I don't think so. -30deg slope and +30deg slope should result in the same corr. coefficient, just the sign would be opposite.

 

[andreasmaaan]

I don't think so. -30deg slope and +30deg slope should result in the same corr. coefficient, just the sign would be opposite.

Yes sorry, I meant in comparison with a flat or shallow slope.

So yeh, I think in other words you are confirming what I understood to be the case, i.e. that a speaker with a steeply upward-sloping PIR would score higher (all else equal) than a speaker with a flat or shallowly-downward sloping PIR.

EDIT: actually no, I believe that's false. The opposite sign would negatively affect the score, IIUC.

 

[QMuse]

So yeh, I think in other words you are confirming what I understood to be the case, i.e. that a speaker with a steeply upward-sloping PIR would score higher (all else equal) than a speaker with a flat or shallowly-downward sloping PIR.

Not necessairly, it all depends how correlation coef is used.

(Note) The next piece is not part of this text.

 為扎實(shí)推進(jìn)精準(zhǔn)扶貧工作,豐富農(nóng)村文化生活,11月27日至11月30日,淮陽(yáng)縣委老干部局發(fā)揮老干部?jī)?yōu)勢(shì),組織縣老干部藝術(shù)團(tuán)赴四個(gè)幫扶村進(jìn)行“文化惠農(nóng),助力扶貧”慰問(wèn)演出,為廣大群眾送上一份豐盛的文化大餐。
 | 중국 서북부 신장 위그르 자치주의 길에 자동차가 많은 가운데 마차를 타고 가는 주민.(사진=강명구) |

Upward sloping PIR may as well score worse than the one with flat PIR.

 

[andreasmaaan]

Not necessairly, it all depends how correlation coef is used. Upward sloping PIR may as well score worse than the one with flat PIR.

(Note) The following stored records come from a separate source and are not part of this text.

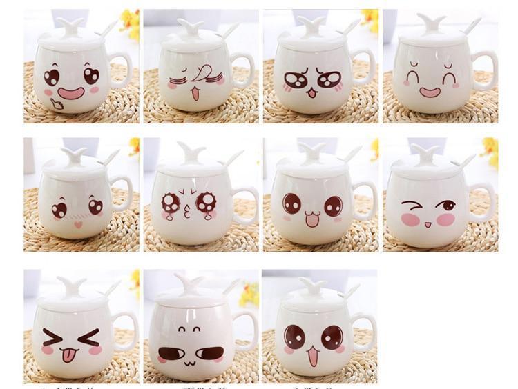Indulge in your love for kawaii with this cute ceramic mug with a lid and spoon, featuring an adorable face design. Available in 11 different face styles, this mug is the perfect addition to your morning routine. Whether you're sipping on coffee or tea, the lid helps to keep your drink warm while also preventing spills.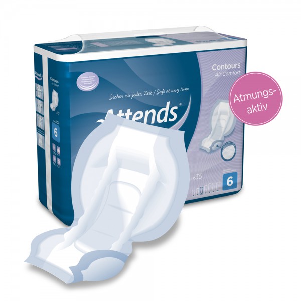 Attends Contours Air Comfort 6 Einlagen (1×35 Stück) mit anatomischer Form gewähren Ihnen bei mittlerer Blasenschwäche Sicherheit. atmungsaktiv für mehr Hautgesundheit gebogene Form und weiche Bündchen für optimale Anpassung an Körper Flüssigkeit wird sicher im Innern der Vorlage eingeschlossen baumwollartige Außenseite sorgt für ein angenehmes und gesundes Hautgefühl ohne Schwitzen mit Attends Stretch fit oder Attends Stretch pant Fixierhosen sicher am Körper zu halten Attends Odour Protection – Im Attends Kern wird das im Urin enthaltene Ammoniak sicher gebunden und eingeschlossen. Dadurch schützt Attends vor unangenehmen Gerüchen Attends Quick-Dry – Eine Aufnahmeschicht und ein darunter liegender Kern sorgen für eine schnelle Flüssigkeitsaufnahme und hohe Hauttrockenheit auch bei längeren Tragezeiten Hautfreundlicher pH-Wert 4,5 – Das Quick-Dry-System mit Aktivfasern und Supersorber sorgt für einen guten pH-Wert von 4,5. Somit unterstützt Attends die Gesunderhaltung der Haut Maße: Dicke 6,6 mm Länge 58 cm Breite im Schritt 18 cm Saugkapazität 1470 ml Saugstärke 6 Material: Oberseite Vlies Rückseite Polypropylen, Vlies Saugkern Zellstoff, Superabsorber Lieferumfang: 1 x 35 Stück Attends Contours Air Comfort 6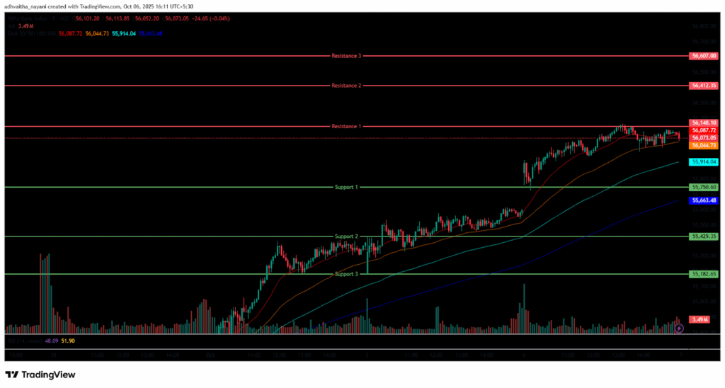 Momentum indicators showed moderate strength, with the RSI at 55.26 for the Nifty 50 and 54.64 for the Sensex, both well below the overbought threshold of 70 and nearing oversold territory. Banking stocks also contributed to the broader market gains. The Bank Nifty Index advanced 515.6 points, or 0.93%, closing at 56,104.85. Monday marked the third straight session of gains for Indian benchmark indices, supported by strength in financial stocks and encouraging Q2 business updates.

Yes precisely, see my edit. An upwards slope would result in a negative SM_PIR, which would negatively affect the preference rating.

 

[andreasmaaan]

Ok, so do we think that Olive deliberately built in SM_PIR such that it would advantage speakers with the steepest possible downward-sloping PIR?

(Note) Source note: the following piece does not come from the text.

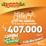 ¡Salió un premio de Quiniela en San Francisco del Monte de Oro! El día Jueves 20 de Abril en la agencia Nº 414-000 "Su Comodín" de San Francisco salió un premio de Quiniela de $407.000 ¡Felicitaciones al afortunado ganador!

If so, it seems hard not to conclude that, on the basis of the data set, listeners tended (all else equal) to prefer speakers with steeply narrowing directivity over speakers with wider/more constant directivity.

 

[QMuse]

Ok, so do we think that Olive deliberately built in SM_PIR such that it would advantage speakers with the steepest possible downward-sloping PIR?

If so, it seems hard not to conclude that, on the basis of the data set, listeners tended to prefer speakers with steeply narrowing directivity over speakers with wider/more constant directivity.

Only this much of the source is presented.